Task objective: From the records that follow, return exactly the lines beginning at the one that contains "Mao (above) is" and ending at the one that contains "15.51 €9.30 €Fotobehang", pictures left out.

:: Data section ::

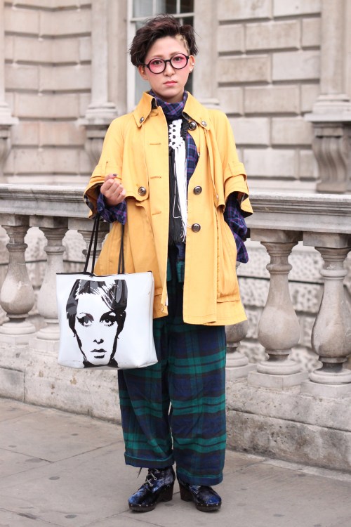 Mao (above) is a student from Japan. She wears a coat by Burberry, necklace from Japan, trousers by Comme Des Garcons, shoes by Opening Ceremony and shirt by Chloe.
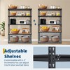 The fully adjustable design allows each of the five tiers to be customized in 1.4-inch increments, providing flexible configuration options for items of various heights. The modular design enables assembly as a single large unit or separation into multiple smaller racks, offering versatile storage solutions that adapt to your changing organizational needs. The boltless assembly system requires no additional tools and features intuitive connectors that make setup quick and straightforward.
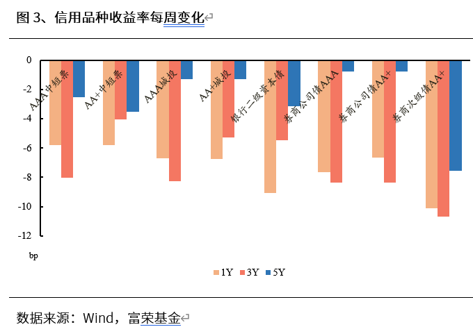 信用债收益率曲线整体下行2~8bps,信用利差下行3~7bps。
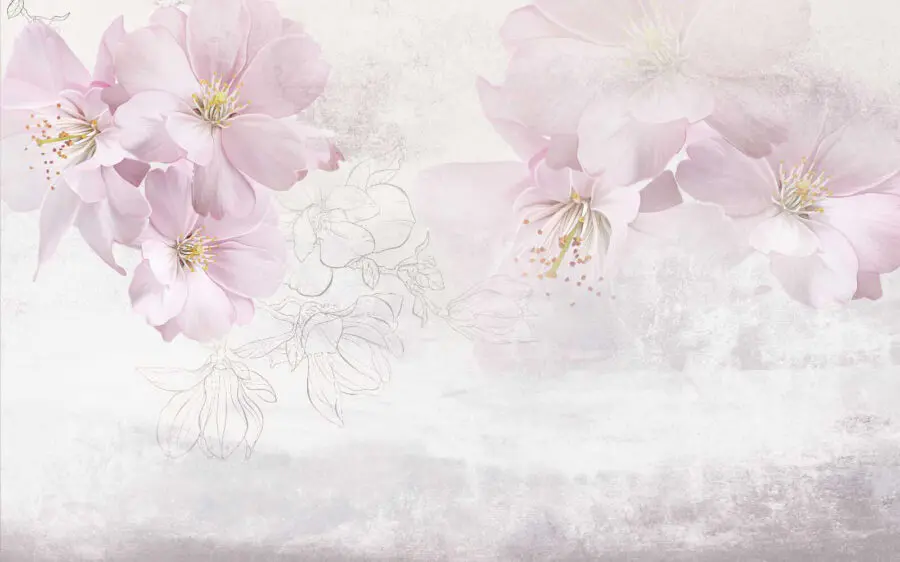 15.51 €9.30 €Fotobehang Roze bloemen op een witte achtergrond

:::
:: Data section ::

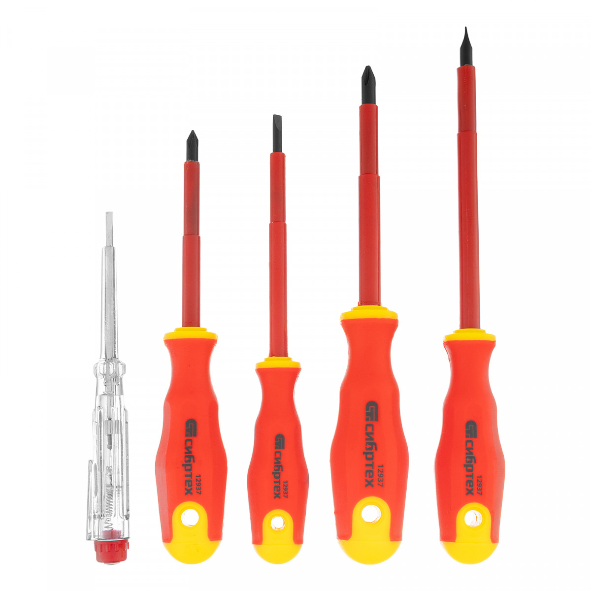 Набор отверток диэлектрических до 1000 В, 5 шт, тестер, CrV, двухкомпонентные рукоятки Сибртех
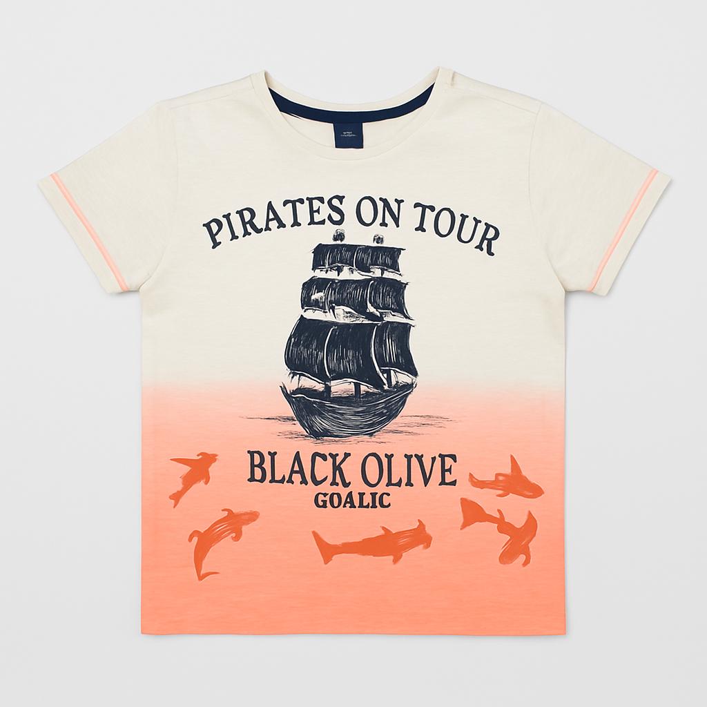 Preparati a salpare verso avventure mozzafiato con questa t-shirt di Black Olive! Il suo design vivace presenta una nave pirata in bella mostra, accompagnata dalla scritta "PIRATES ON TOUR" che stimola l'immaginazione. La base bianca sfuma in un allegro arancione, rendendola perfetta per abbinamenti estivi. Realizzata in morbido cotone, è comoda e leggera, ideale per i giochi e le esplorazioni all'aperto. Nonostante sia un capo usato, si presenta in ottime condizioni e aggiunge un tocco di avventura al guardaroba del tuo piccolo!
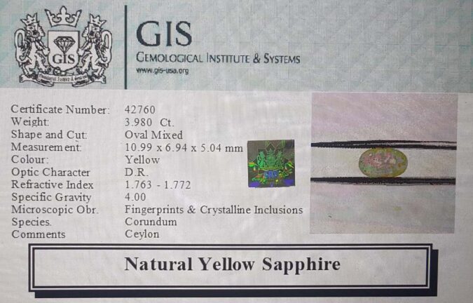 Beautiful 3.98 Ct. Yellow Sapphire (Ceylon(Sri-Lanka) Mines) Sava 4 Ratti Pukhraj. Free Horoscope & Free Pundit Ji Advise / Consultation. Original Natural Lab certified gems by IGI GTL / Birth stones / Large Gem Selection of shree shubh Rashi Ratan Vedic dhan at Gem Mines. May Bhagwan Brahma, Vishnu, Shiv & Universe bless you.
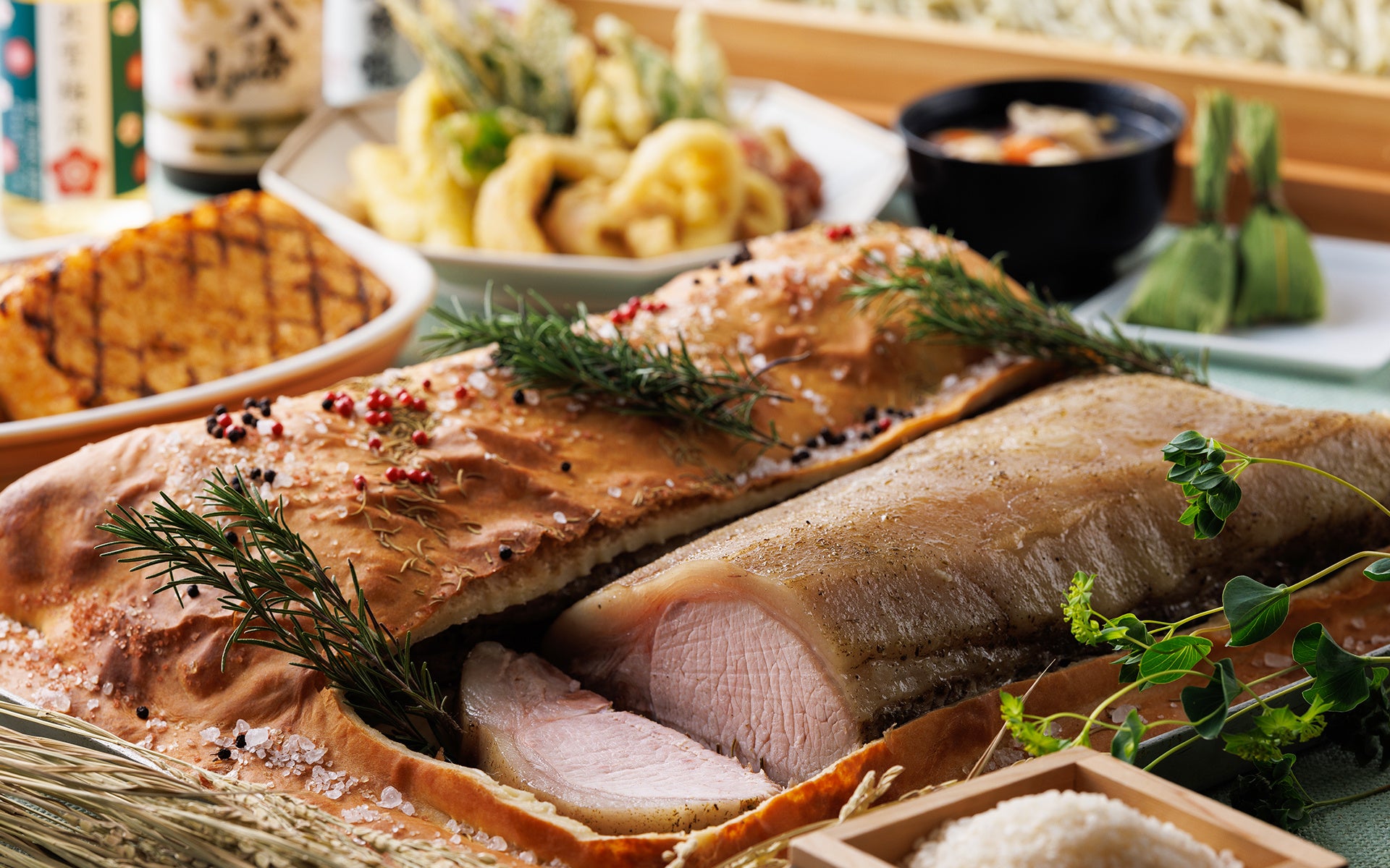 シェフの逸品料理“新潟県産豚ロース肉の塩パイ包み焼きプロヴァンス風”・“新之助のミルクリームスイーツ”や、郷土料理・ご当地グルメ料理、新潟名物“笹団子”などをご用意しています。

:::

Written solution:
 Mao (above) is a student from Japan. She wears a coat by Burberry, necklace from Japan, trousers by Comme Des Garcons, shoes by Opening Ceremony and shirt by Chloe.
 The fully adjustable design allows each of the five tiers to be customized in 1.4-inch increments, providing flexible configuration options for items of various heights. The modular design enables assembly as a single large unit or separation into multiple smaller racks, offering versatile storage solutions that adapt to your changing organizational needs. The boltless assembly system requires no additional tools and features intuitive connectors that make setup quick and straightforward.
 信用债收益率曲线整体下行2~8bps,信用利差下行3~7bps。
 15.51 €9.30 €Fotobehang Roze bloemen op een witte achtergrond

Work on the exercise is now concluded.